This year’s World Series will certainly go down in history as one of the greatest. Two historic franchises trying to win one for the first time in eons. The Cubs finally got the goat off their back. They are now World Champions. Chicago-land went apoplectic.
If you know me well, you know that I’m not much of a Cubs fan (to say the least). But that’s another post for another time. I thoroughly enjoyed every game of this World Series. Game seven was probably one of the greatest, if not the greatest baseball game I have ever seen. But just because I don’t like the Cubs doesn’t mean that I didn’t enjoy the baseball.
In fact, this World Series was great for reasons that far transcend just baseball. Baseball has always brought people and families together. But the Cubs fan base has a long and sordid history. It has decades of futility. There is that incredibly iconic stadium. The Cubbies have supporters throughout much of the midwest, and beyond. All of this adds up to one of the things I most enjoyed about watching everything that led up to the Series, and the Series itself.
Did you notice that so many Cubs fans were wishing they could be watching games with people who no longer live here on earth?
- The grandfather who listened to games on the radio
- The dad who rode the L in to Wrigley with the son or daughter
- The mom who loved tuning into those day games WGN before there was either cable at home or lights at Wrigley
This feeling was so prevalent that people began to use chalk to write the names of deceased loved ones on an outside Wrigley Field wall. “This one’s for you dad.” Names of grandfathers, uncles, brothers, and mothers were written there.

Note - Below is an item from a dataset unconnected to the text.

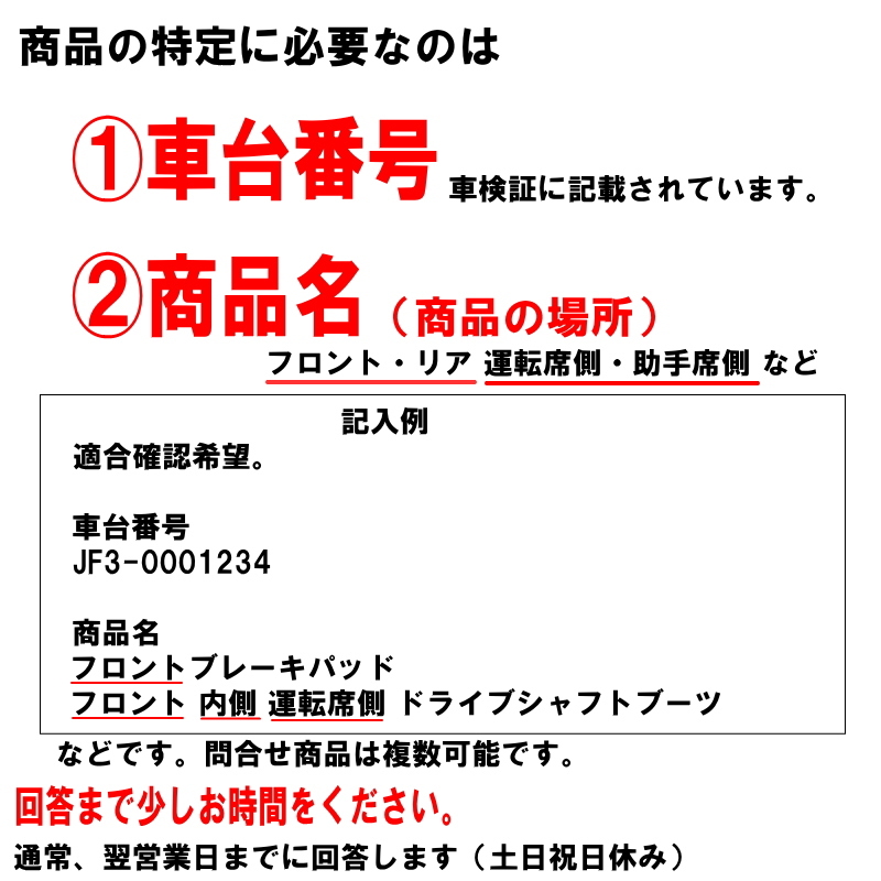 | ※楽札前に必ず適合確認・在庫の確認・納期の確認をお願いいたします。 ※事前確認のない注文のキャンセル・変更・交換・返品はお届けにお時間がかかる場合でもお受けできません。 ※事前に適語確認を行っていないご注文は商品の適合がお車に合わない場合にも返品交換不可となります。 ※落札後の変更などはできませんのでご了承下さい。 |
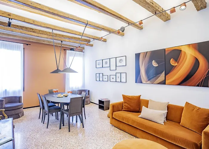 Este apartamento está situado en el distrito San Polo, a unos cuantos pasos del Gran Canal. A 900 metros se encuentra la parada de autobús más cercana, Venezia Piazzale Roma, y el Puente de los Descalzos está a 850 metros. No tardarás mucho en llegar al Arsenal de Venecia, situado a 2 km.

They were such touching messages that heaven and earth almost came together in a chalk mark on a seemingly sacred brick.
People say sports don’t matter. But tell that to the Cubs fans who, upon that last out, looked up to the sky with tears streaming down their faces. Tell that to my daughter who learned how to score a baseball game sitting at my side at Miller Park. Tell that to my son whose glove wore out from all those times we played catch in the front yard on 53rd Street.

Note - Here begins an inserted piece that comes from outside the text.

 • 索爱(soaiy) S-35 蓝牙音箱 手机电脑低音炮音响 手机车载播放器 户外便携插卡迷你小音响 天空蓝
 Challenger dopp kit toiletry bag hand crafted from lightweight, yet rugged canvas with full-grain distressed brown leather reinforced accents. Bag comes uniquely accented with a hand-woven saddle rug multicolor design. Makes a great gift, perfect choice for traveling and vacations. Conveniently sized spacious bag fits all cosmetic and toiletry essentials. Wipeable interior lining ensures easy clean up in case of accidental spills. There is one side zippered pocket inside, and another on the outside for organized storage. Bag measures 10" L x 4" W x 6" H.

Tell him that those rides to and from Little League games and practices was time wasted. Tell him that the lessons he learned about winning and losing, team work and goal-setting, discipline and hard work mean nothing.

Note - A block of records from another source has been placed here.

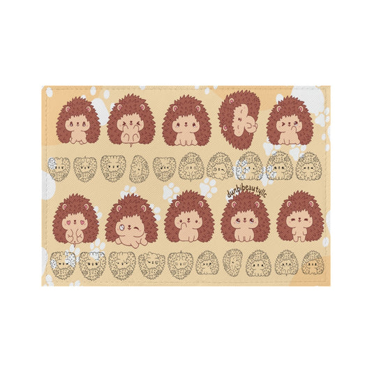 PU Card Bag Hedgehog, Kawaii, Animals, Paw Prints, Happy, Cute, Sleepy, Baby Animals, Brown, White (Designed by Dunbi)
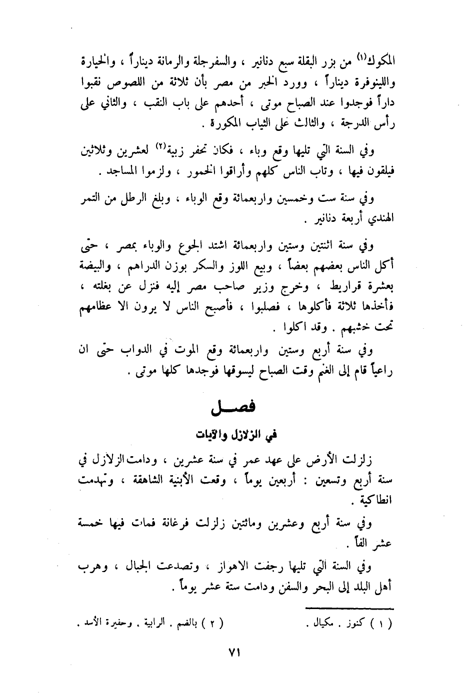 المكوك من بزر البقلة سبع دَنَانِير والسفرجلة والرمانة دِينَارا والخيارة واللينوفرة دِينَارا وَورد الْخَبَر من مصر بِأَن ثَلَاثَة من اللُّصُوص نقبوا دَارا فوجدوا عِنْد الصَّباح موتى أحدهم على بَاب النقب وَالثَّانِي على رَأس الدرجَة وَالثَّالِث على الثِّيَاب المكورة
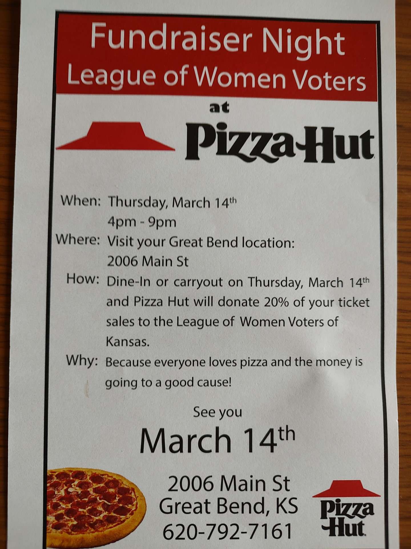 The Great Bend League of Women Voters is having a fundraiser at the Great Bend Pizza Hut on March 14.
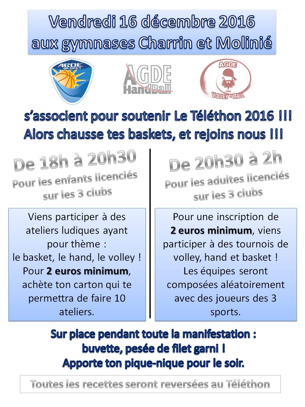 Le vendredi 16 décembre 2016, les clubs Agde Handball, Agde Basketball et Agde Volleyball s’associent pour le Téléthon 2016 !!!!
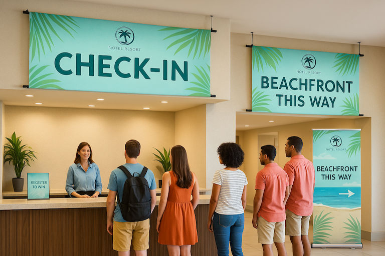 Think of floor-level retractables to point toward seasonal sections. Use hanging vinyl banners in lobbies to guide visitors to check-in or pickup areas. Because they’re easy to move and replace, banners work especially well when your layout or traffic flow changes over time.
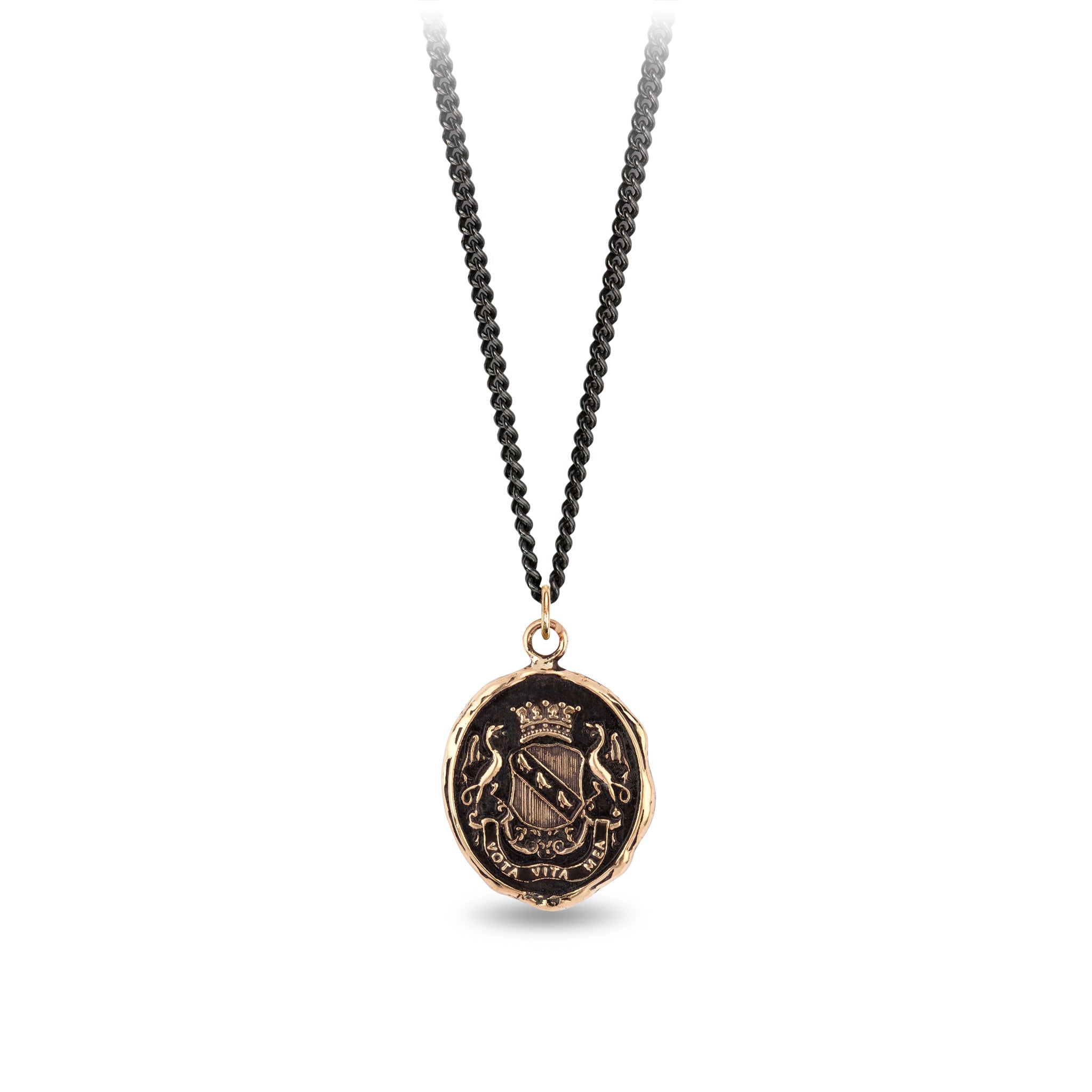 This talisman reads 'Vota Vita Mea' in Latin, meaning 'My Life is a Prayer'. The dragons are symbols of protection, acting as guardians who can help individuals find their way.
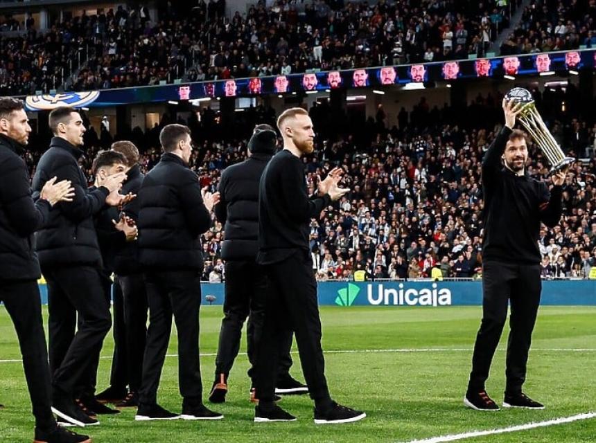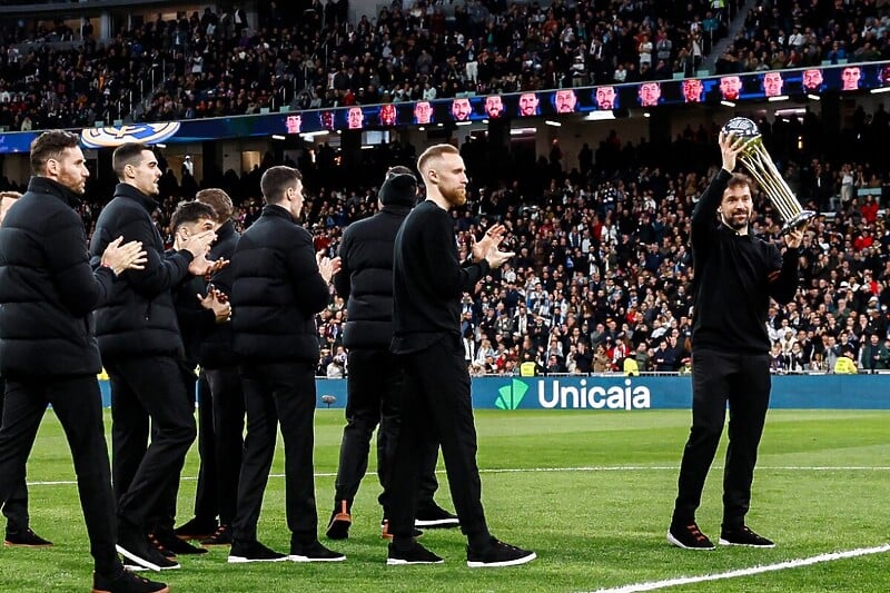 No, to ga nije spriječilo da samo nekoliko sati kasnije isprati i pohod nogometaša ka tituli prvaka. Na Instagramu je objavio fotografiju dok s tribina prati duel, a onda su na poluvremenu košarkaši Reala prohodali terenom i pozirali s trofejem Kupa kralja, na čemu su im čestitali i kolege iz nogometne sekcije.

Tell that to my family. Remind them of the times we laughed, cried, cheered, and even sat quietly together at Milwaukee Brewers baseball games. I dare you to tell them it meant nothing.
You can’t do it. You can’t do it because sports, and especially “thinking” sports like baseball, draw families together. It is a form of love shown and shared. Baseball, in many ways, is a metaphor for life. It’s filled with disappointments and bursts of joy. The lows are very low. And the highs are very high. It’s a reminder that doing well even three out of ten times is to be “successful.” And it’s an epic lesson in patience.
When families share all of these things together there is a bond. It’s a bond that sometimes even transcends this life to those who have already gone on to the next.
And that’s a very good thing. That’s why, even though it was much to my chagrin, the Cubbies winning a world series was so much greater than just a game. It brought together hopes, dreams, wishes, memories, and, finally, a World Championship.
Now maybe someday, sooner than later, it will be the Milwaukee Brewers’ turn. And I hope I get to share that same joy with my children (and grandchildren?) before I pitch a game in that great baseball field in the sky.
What impact has baseball had on your life?